**About this exercise:** Pictures found in the material must be left out, and every line returned as written.

**Input data:**
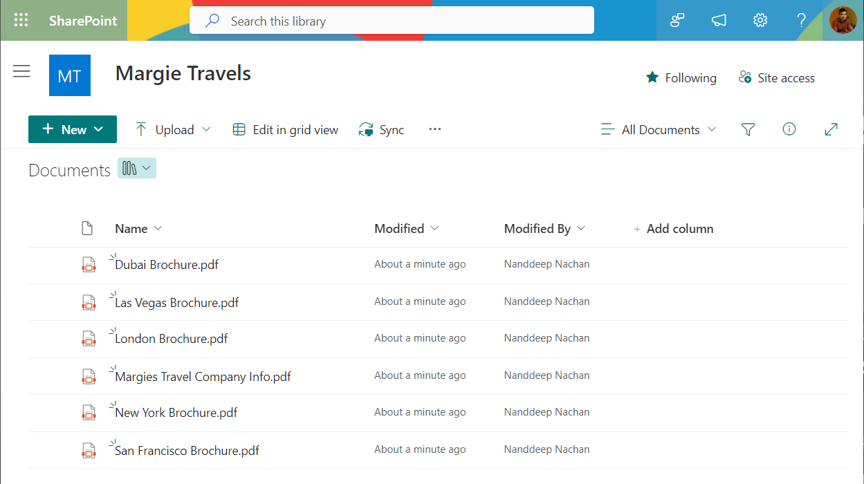 For the demonstration purpose of this article, I have set up a SharePoint communication site named “Margie Travels” for a travel agency. The standard out of box “Documents” library is populated with brochures of places where they provide the travel arrangements.
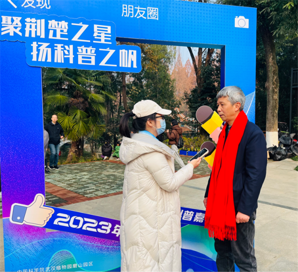 在中国科学院武汉植物园中心草坪,30米长的红毯迎来了“最亮的星”。湖北省十佳科技志愿服务队、湖北省科普短视频大赛获奖者、湖北省十佳科普教育基地、湖北省十佳科普达人、全国科普日活动优秀组织单位、湖北省科普工作者、全国最美科技工作者、院士科普工作室共8支代表队伍依次走上红毯,现场公众鼓掌欢呼。他们中有院士工作室代表、科研专家、大学教授、科普场馆工作者等。本报记者采访了部分代表,一起享受这场科普盛宴。
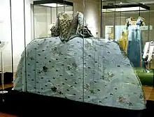 Tullie House Museum and Art Gallery holds a blue silk court mantua once owned by Jackson. The dress was made between 1750 and the early 1760s. Jackson would have been about 27 years old in 1750, but she was single, and such a dress was made for the use of a married woman at the royal court. The early provenance of the dress is unknown.[3][22] The skirt is 2.4 metres (7.9 ft) wide.[23] The mantua has been dated according to the shape of its hooped petticoat, which is fan-shaped in this case, but would have been more rectangular in the 1740s or late 1760s. The dress is in "pristine condition", and it retains its original stomacher and "hugely expensive" silver lace.[22] As of 2021 it was displayed in the new costume galleries at Tullie House.[24]
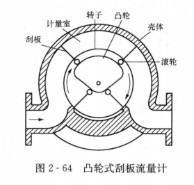 (3)刮板流量計(jì)。如圖2-64所示,轉(zhuǎn)子在流量計(jì)進(jìn)、出口差壓作用下轉(zhuǎn)動(dòng),當(dāng)相鄰兩刮板進(jìn)入計(jì)量區(qū)時(shí),均伸出至殼體內(nèi)壁且只隨轉(zhuǎn)子旋轉(zhuǎn)而不滑動(dòng),形成具有固定容積的測量室,當(dāng)離開計(jì)量區(qū)時(shí),刮板縮入槽內(nèi),流體從出口排出,同時(shí)后一刮板又與其另一相鄰刮板形成測量室。轉(zhuǎn)子旋轉(zhuǎn)一周,排出4份固定體積的流體,由轉(zhuǎn)子的轉(zhuǎn)數(shù)就可以求得被測流體的流量。

**Output below:**
 For the demonstration purpose of this article, I have set up a SharePoint communication site named “Margie Travels” for a travel agency. The standard out of box “Documents” library is populated with brochures of places where they provide the travel arrangements.
 在中国科学院武汉植物园中心草坪,30米长的红毯迎来了“最亮的星”。湖北省十佳科技志愿服务队、湖北省科普短视频大赛获奖者、湖北省十佳科普教育基地、湖北省十佳科普达人、全国科普日活动优秀组织单位、湖北省科普工作者、全国最美科技工作者、院士科普工作室共8支代表队伍依次走上红毯,现场公众鼓掌欢呼。他们中有院士工作室代表、科研专家、大学教授、科普场馆工作者等。本报记者采访了部分代表,一起享受这场科普盛宴。
 Tullie House Museum and Art Gallery holds a blue silk court mantua once owned by Jackson. The dress was made between 1750 and the early 1760s. Jackson would have been about 27 years old in 1750, but she was single, and such a dress was made for the use of a married woman at the royal court. The early provenance of the dress is unknown.[3][22] The skirt is 2.4 metres (7.9 ft) wide.[23] The mantua has been dated according to the shape of its hooped petticoat, which is fan-shaped in this case, but would have been more rectangular in the 1740s or late 1760s. The dress is in "pristine condition", and it retains its original stomacher and "hugely expensive" silver lace.[22] As of 2021 it was displayed in the new costume galleries at Tullie House.[24]
 (3)刮板流量計(jì)。如圖2-64所示,轉(zhuǎn)子在流量計(jì)進(jìn)、出口差壓作用下轉(zhuǎn)動(dòng),當(dāng)相鄰兩刮板進(jìn)入計(jì)量區(qū)時(shí),均伸出至殼體內(nèi)壁且只隨轉(zhuǎn)子旋轉(zhuǎn)而不滑動(dòng),形成具有固定容積的測量室,當(dāng)離開計(jì)量區(qū)時(shí),刮板縮入槽內(nèi),流體從出口排出,同時(shí)后一刮板又與其另一相鄰刮板形成測量室。轉(zhuǎn)子旋轉(zhuǎn)一周,排出4份固定體積的流體,由轉(zhuǎn)子的轉(zhuǎn)數(shù)就可以求得被測流體的流量。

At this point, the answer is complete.